Board proposes annual privacy report, agency coordination
The draft report, whose details are being ironed out at the quarterly meeting of an advisory board chartered by the Commerce Department's National Institute of Standards and Technology, recommends an array of changes to federal privacy practices. Although the board's members acknowledged the outdated nature of the 1974 Privacy Act that governs those practices, they said there is room to improve privacy practices within constraints of the law.
The draft report, compiled by the Computer System Security and Privacy Advisory Board (CSSPAB), currently includes four recommendations, with the most detailed suggestions being in the area of documenting and strengthening privacy practices. The annual report contemplated by the board would identify and categorize privacy officers' positions and responsibilities, and "explain any apparent inconsistencies from agency to agency."

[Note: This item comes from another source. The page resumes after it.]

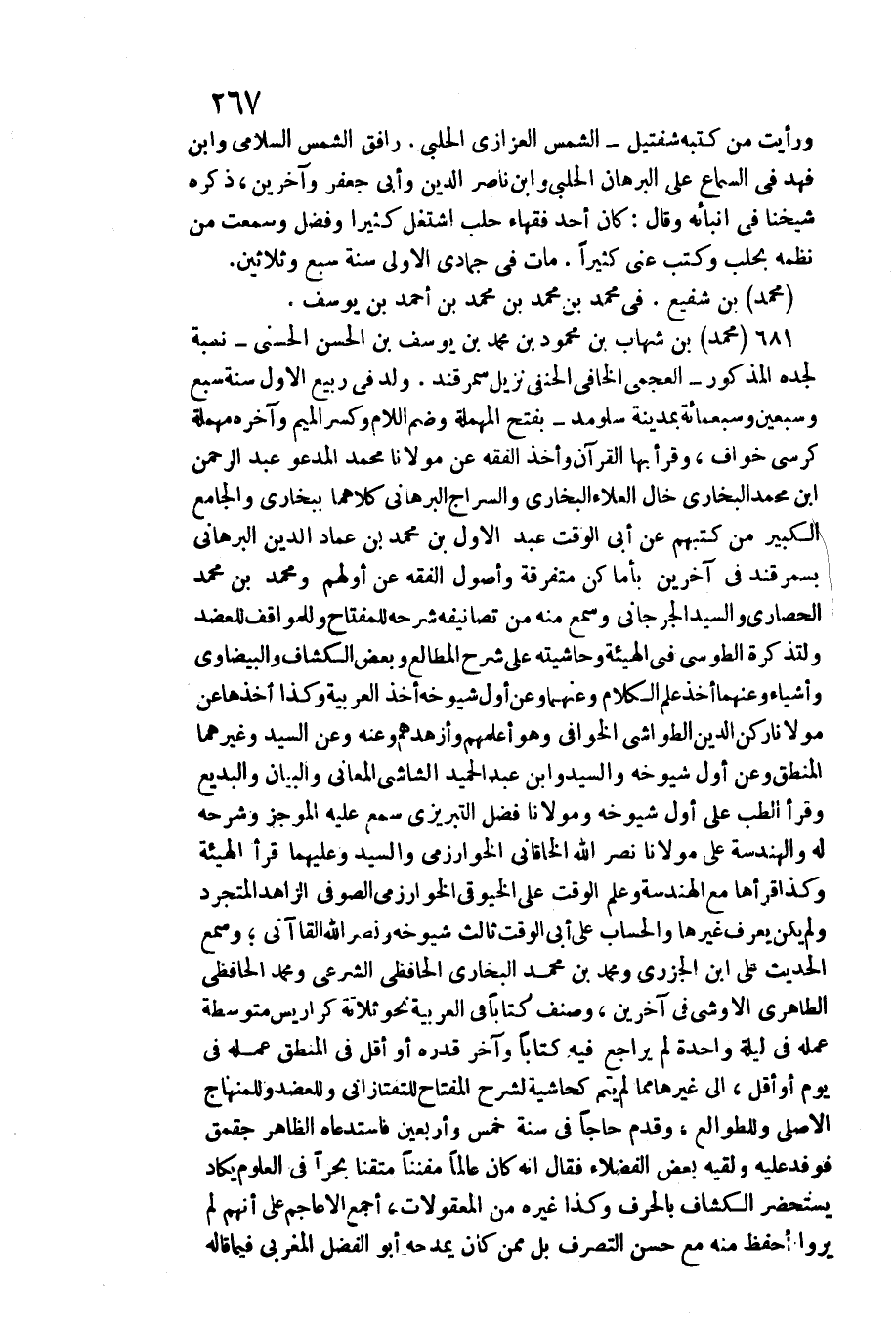 مُحَمَّد بن شَفِيع. فِي مُحَمَّد بن مُحَمَّد بن مُحَمَّد بن أَحْمد بن يُوسُف. مُحَمَّد بن شهَاب بن مَحْمُود بن مُحَمَّد بن يُوسُف بن الْحسن الحسني نِسْبَة لجده الْمَذْكُور العجمي الخافي الْحَنَفِيّ نزيل سَمَرْقَنْد. ولدف ي ربيع الأول سنة سبع وَسبعين وَسَبْعمائة بِمَدِينَة سلومد بِفَتْح الْمُهْملَة وَضم اللَّام وَكسر الْمِيم وَآخره مُهْملَة كرْسِي خواف، وَقَرَأَ بهَا الْقُرْآن وَأخذ الْفِقْه عَن مَوْلَانَا مُحَمَّد الْمَدْعُو عبد الرَّحْمَن بن مُحَمَّد البُخَارِيّ خَال الْعَلَاء البُخَارِيّ والسراج البرهاني كِلَاهُمَا ببخارى وَالْجَامِع الْكَبِير من كتبهمْ عَن أبي الْوَقْت عبد الأول بن مُحَمَّد بن عماد الدّين البرهاني بسمرقند فِي آخَرين بأماكن مُتَفَرِّقَة وأصول الْفِقْه عَن أَوَّلهمْ وَمُحَمّد بن مُحَمَّد الحصاري وَالسَّيِّد الْجِرْجَانِيّ وَسمع مِنْهُ من تصانيفه شَرحه للمفتاح وللمواقف للعضد ولتذكرة الطوسي فِي الْهَيْئَة وحاشيته على شرح الْمطَالع وَبَعض الْكَشَّاف والبيضاوي وَأَشْيَاء وعنهما أَخذ علم الْكَلَام وعنهما وَعَن أول شُيُوخه أَخذ الْعَرَبيَّة وَكَذَا أَخذهَا عَن مَوْلَانَا ركن الدّين الطواشي الخوافي وَهُوَ أعلمهم وأزهدهم وَعنهُ وَعَن السَّيِّد وَغَيرهمَا الْمنطق وَعَن أول شُيُوخه وَالسَّيِّد وَابْن عبد الحميد الشَّاشِي الْمعَانِي وَالْبَيَان والبديع وَقَرَأَ الطِّبّ على أول شُيُوخه ومولانا فضل التبريزي سمع عَلَيْهِ الموجز وَشَرحه لَهُ والهندسة على مَوْلَانَا نصر الله الخاقاني الْخَوَارِزْمِيّ وَالسَّيِّد وَعَلَيْهِمَا قَرَأَ الْهَيْئَة وَكَذَا قَرَأَهَا مَعَ الهندسة وَعلم الْوَقْت على الخيوقي الْخَوَارِزْمِيّ الصُّوفِي الزَّاهِد المتجرد وَلم يكن يعرف غَيرهَا والحساب على أبي الْوَقْت ثَالِث شُيُوخه وَنصر الله القاآني وَسمع الحَدِيث على ابْن الْجَزرِي وَمُحَمّد بن مُحَمَّد البُخَارِيّ الحافظي الشعري وَمُحَمّد الحافظي الطاهري الأوشى فِي آخَرين، وصنف كتابا فِي الْعَرَبيَّة نَحْو ثَلَاثَة كراريس متوسطة عمله فِي لَيْلَة وَاحِدَة لم يُرَاجع فِيهِ كتابا وَآخر قدره أَو أقل فِي الْمنطق عمله فِي يَوْم أَو أقل، إِلَى غَيرهَا مِمَّا لم يتم كحاشية لشرح الْمِفْتَاح للتفتازاني وللعضد وللمنهاج الْأَصْلِيّ وللطوالع، وَقدم حَاجا فِي سنة خمس وَأَرْبَعين فاستدعاه الظَّاهِر جقمق فوفد عَلَيْهِ ولقيه بعض الْفُضَلَاء فَقَالَ إِنَّه كَانَ عَالما مفننا متقنا بحرا فِي الْعُلُوم يكَاد يستحضر الْكَشَّاف بالحرف وَكَذَا غَيره من المعقولات، أجمع الْأَعَاجِم على أَنهم لم يرَوا)

The report then could be the springboard to establishing a federal privacy officers' committee--analogous to the existing Federal CIO Council for chief information officers--and enhance the stature of privacy officers within their agencies.

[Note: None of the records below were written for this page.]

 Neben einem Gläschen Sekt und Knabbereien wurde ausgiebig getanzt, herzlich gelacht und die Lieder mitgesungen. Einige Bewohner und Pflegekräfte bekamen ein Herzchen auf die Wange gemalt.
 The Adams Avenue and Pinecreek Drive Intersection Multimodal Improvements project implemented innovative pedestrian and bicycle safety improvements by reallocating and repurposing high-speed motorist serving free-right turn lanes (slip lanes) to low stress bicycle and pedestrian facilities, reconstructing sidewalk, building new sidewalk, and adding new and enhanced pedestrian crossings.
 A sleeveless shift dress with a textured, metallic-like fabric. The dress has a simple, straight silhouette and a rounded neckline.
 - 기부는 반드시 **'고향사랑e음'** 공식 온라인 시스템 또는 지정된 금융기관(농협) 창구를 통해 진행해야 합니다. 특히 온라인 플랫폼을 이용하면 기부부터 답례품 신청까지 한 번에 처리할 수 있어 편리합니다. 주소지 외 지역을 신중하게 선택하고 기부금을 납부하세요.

Franklin Reeder, chairman of the CSSPAB and a former Office of Management and Budget executive in the Clinton administration, said the recommendations seek to answer questions about "government's use of personal information about individuals, and specifically whether the Privacy Act is administered properly and how [enforcement] can be improved."
Although the act's requirements for disclosures about government use of information were intended to strengthen citizens' confidence about their personal information, "it is not clear that those disclosures mean anything anymore," Reeder said, adding that he wants to stimulate debate about whether the act needs to be changed.

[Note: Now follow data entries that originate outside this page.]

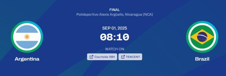 篮球也是你俩,男篮美洲杯决赛对阵:巴西vs阿根廷蓝司机学姐 @懂球帝2025-08-31 10:28北京时间8月31日,男篮美洲杯半决赛的比赛已经全部结束。巴西和阿根廷双双晋级决赛。在半决赛中,巴西男篮92-77逆转美国,而阿根廷83-73力克加拿大。这是两队连续第二次在美洲杯决赛碰面,上届美洲杯决赛,阿根廷75-73险胜巴西夺得冠军。值得一提的是,在上一届男篮美洲杯的半决赛,阿根廷淘汰美国,巴西淘汰了加拿大。男篮美洲杯决赛将于9月1日早上8:10开打。展开更多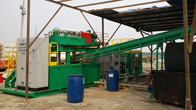 冠能离心机通过化学絮凝处理中海油油基污泥现场视频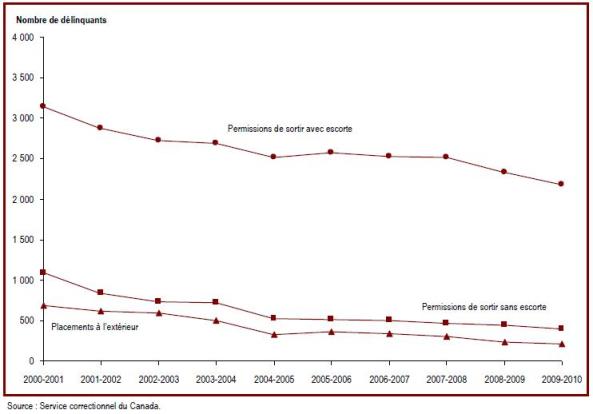 - Le nombre de délinquants obtenant des permissions de sortir a diminué depuis 2000-2001

He also said the tendency for federal agencies to share information--the practice that the Privacy Act was designed to regulate--"has been exacerbated by the [post-terrorism] demand for even more interchange of information under the guise of finding potential wrongdoers."
The other three CSSPAB recommendations include exploring ways to balance the threat and benefit of open Internet access to public records, beginning to study the ways that government utilizes private-sector databases, and creating a mechanism for evaluating how the government could utilize privacy tools such as the Platform for Privacy Preferences (P3P) technology.
The 12-member committee was created in 1987 to examine issues arising from the growing interchange between corporate and government computer technology. It consists of four representatives from the government, four from the technology industry and four from non-technology businesses.
At Tuesday's CSSPAB meeting, Al Stapleton of the General Accounting Office's information technology group, apprised the committee of a GAO study of executive branch privacy being conducted at the request of Senate Governmental Affairs Committee Chairman Joseph Lieberman, D-Conn., and House Government Reform Subcommittee on Government Efficiency Chairman Steve Horn, R-Calif.